Data in this exercise -

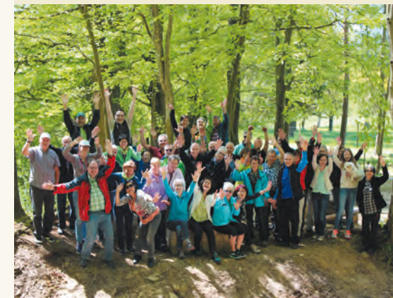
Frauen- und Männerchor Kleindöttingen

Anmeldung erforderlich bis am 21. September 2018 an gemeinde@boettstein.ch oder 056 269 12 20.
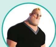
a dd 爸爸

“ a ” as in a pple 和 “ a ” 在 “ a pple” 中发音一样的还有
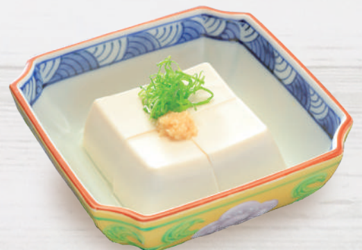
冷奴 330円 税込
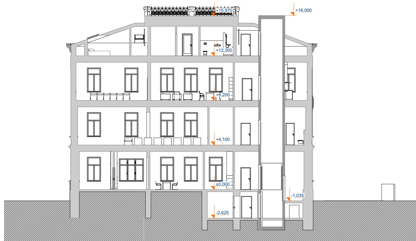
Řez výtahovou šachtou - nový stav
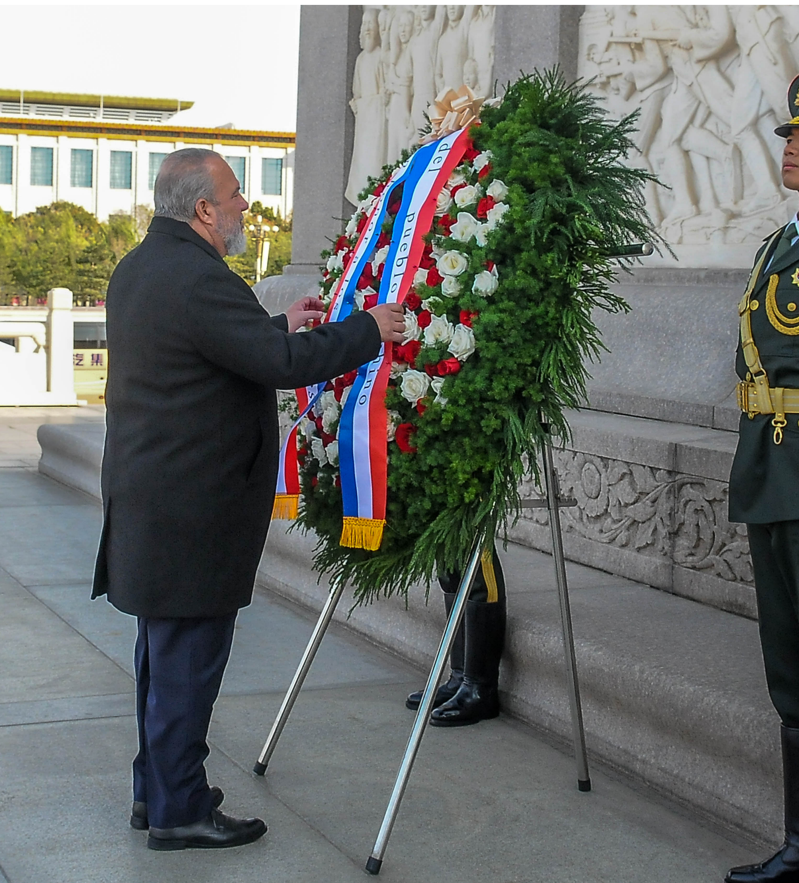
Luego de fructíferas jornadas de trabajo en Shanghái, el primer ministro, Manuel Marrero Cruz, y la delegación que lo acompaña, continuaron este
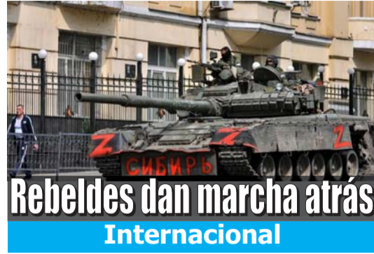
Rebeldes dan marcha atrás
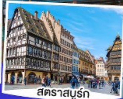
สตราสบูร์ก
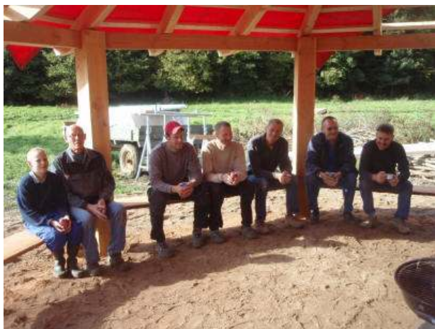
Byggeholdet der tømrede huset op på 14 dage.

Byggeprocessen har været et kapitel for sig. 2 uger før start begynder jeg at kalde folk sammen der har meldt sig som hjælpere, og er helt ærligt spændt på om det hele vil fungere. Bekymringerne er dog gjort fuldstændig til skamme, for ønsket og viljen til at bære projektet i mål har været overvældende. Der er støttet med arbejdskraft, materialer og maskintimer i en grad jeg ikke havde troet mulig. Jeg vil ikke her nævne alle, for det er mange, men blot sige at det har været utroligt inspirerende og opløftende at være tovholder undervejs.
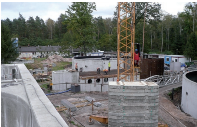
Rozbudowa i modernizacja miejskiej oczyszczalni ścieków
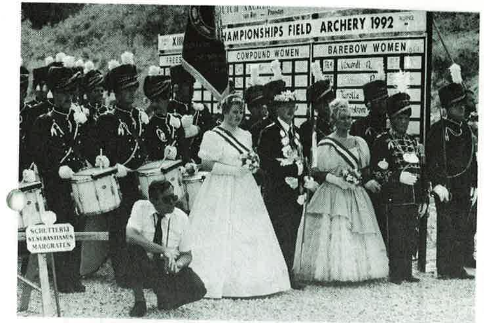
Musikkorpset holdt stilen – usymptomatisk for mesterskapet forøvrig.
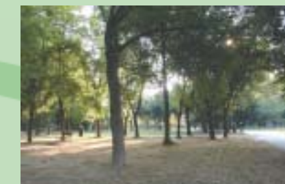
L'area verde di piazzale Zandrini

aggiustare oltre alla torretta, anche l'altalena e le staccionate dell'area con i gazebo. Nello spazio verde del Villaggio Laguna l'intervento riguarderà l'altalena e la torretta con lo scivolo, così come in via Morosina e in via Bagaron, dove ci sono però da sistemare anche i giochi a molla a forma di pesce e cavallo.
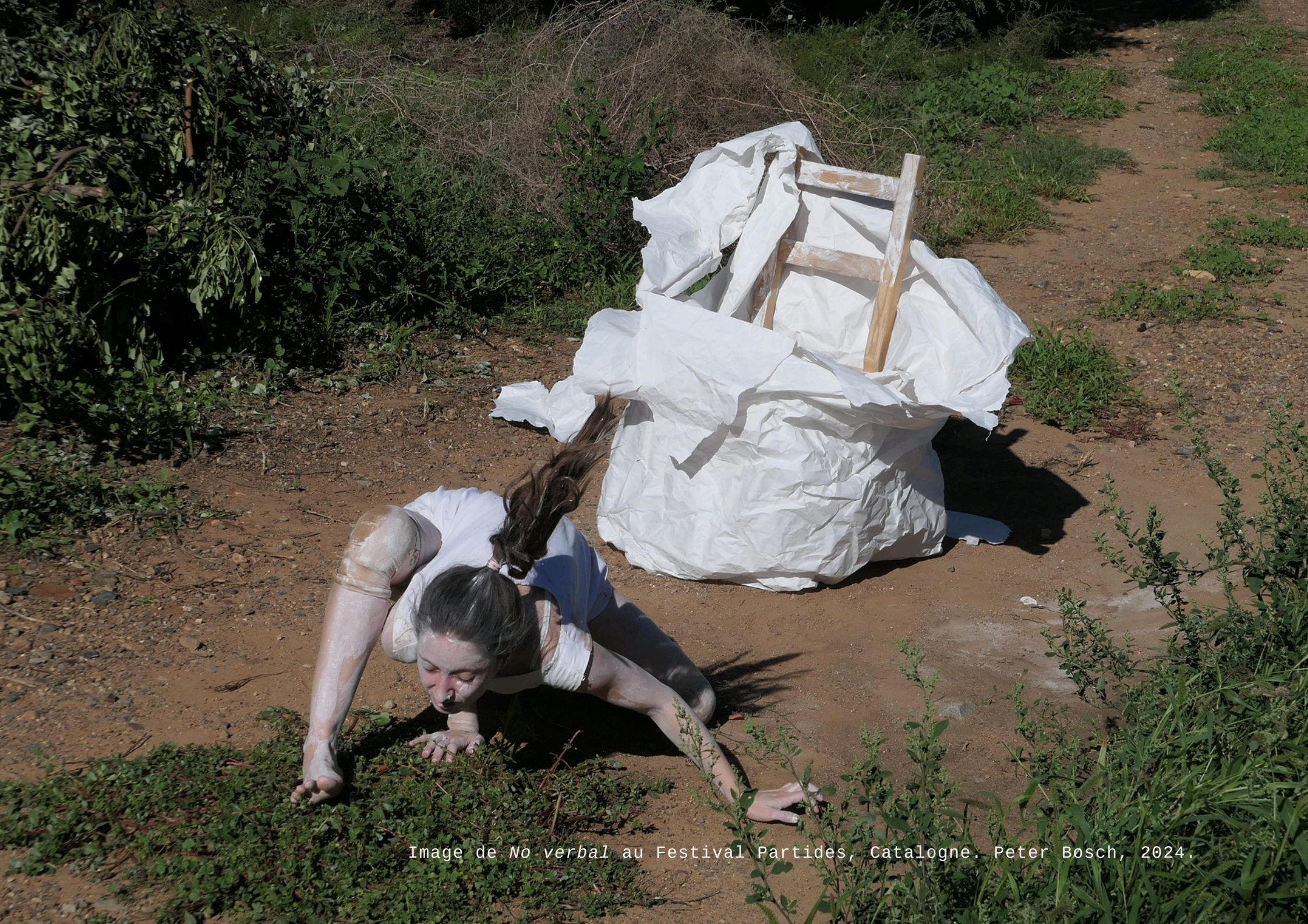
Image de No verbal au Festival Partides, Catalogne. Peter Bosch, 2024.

==

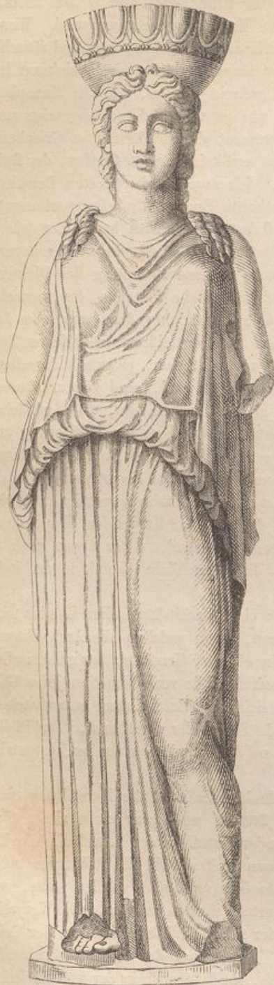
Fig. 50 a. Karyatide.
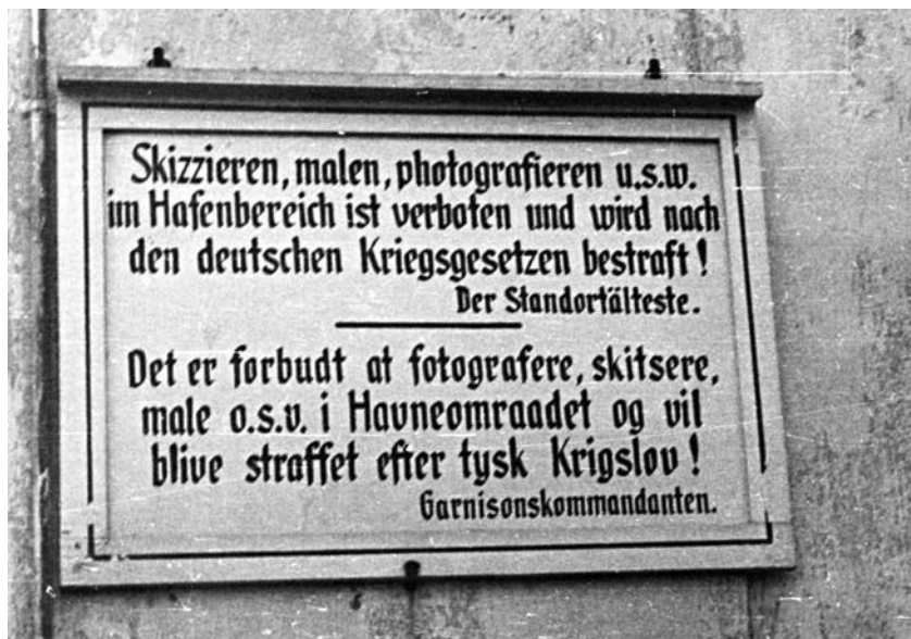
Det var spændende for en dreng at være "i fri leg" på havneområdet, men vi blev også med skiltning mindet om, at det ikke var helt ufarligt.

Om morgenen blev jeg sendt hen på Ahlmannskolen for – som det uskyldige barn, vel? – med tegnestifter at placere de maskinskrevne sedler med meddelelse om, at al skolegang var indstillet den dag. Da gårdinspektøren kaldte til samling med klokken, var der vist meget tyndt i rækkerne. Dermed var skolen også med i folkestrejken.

---

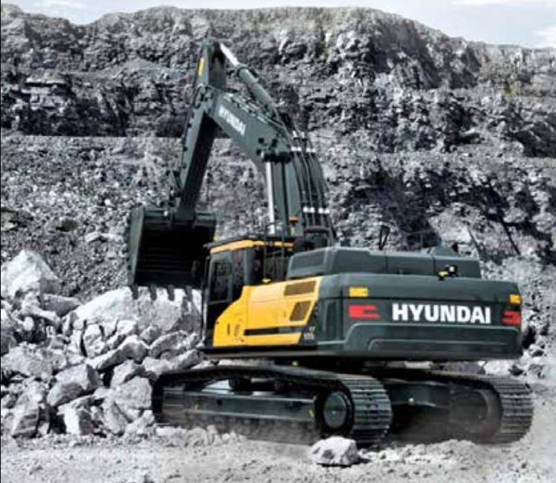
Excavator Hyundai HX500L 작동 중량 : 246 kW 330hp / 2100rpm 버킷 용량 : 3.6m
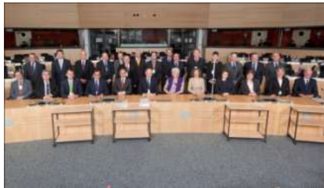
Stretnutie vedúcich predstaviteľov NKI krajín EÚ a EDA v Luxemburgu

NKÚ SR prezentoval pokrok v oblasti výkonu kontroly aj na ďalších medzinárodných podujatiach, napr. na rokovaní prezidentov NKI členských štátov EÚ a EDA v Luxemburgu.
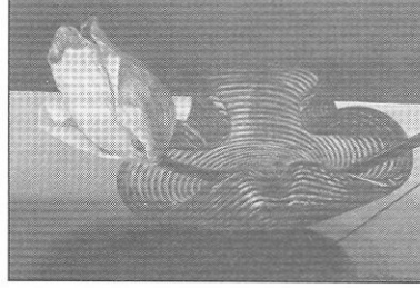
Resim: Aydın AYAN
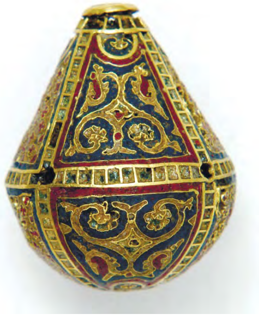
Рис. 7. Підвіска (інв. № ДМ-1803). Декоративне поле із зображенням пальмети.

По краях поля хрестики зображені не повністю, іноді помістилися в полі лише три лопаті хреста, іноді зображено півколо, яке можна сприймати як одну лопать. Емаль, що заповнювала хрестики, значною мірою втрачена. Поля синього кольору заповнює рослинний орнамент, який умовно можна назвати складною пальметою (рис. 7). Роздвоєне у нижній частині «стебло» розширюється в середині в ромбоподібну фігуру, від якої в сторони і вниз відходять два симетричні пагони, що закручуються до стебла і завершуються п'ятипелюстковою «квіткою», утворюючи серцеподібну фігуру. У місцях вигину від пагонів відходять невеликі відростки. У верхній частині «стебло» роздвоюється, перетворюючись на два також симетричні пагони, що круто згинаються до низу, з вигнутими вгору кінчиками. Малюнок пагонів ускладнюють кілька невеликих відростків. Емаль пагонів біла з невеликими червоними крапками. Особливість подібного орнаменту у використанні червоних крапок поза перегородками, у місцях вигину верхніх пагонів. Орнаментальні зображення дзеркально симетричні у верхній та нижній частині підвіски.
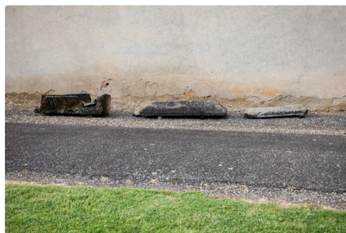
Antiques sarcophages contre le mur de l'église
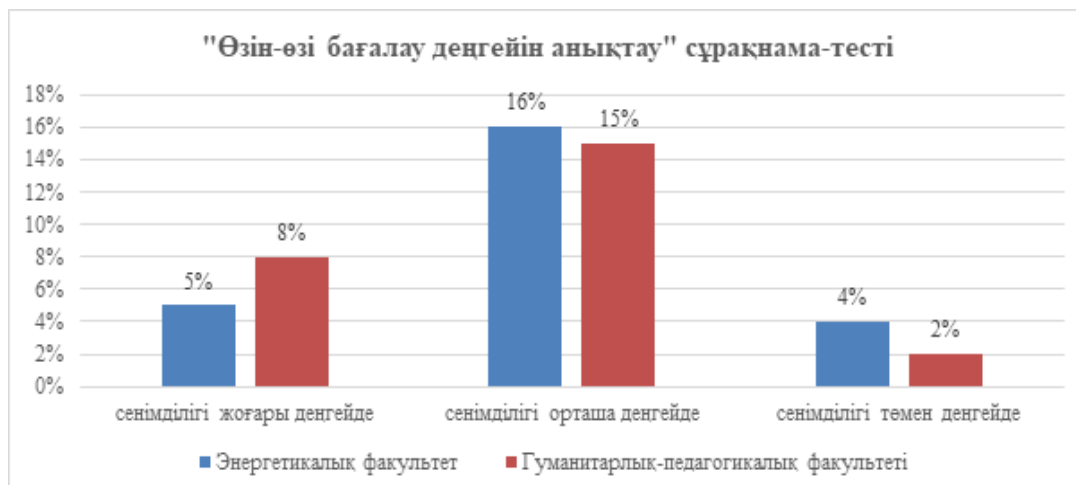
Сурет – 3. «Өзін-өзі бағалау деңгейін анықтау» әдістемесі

Activity -
Reproduce the listing above from the line that holds "Rozbudowa i modernizacja" through the line that holds "Image de No", both included, with the pictures left out.

Solution to this exercise -
Rozbudowa i modernizacja miejskiej oczyszczalni ścieków
Musikkorpset holdt stilen – usymptomatisk for mesterskapet forøvrig.
L'area verde di piazzale Zandrini

aggiustare oltre alla torretta, anche l'altalena e le staccionate dell'area con i gazebo. Nello spazio verde del Villaggio Laguna l'intervento riguarderà l'altalena e la torretta con lo scivolo, così come in via Morosina e in via Bagaron, dove ci sono però da sistemare anche i giochi a molla a forma di pesce e cavallo.
Image de No verbal au Festival Partides, Catalogne. Peter Bosch, 2024.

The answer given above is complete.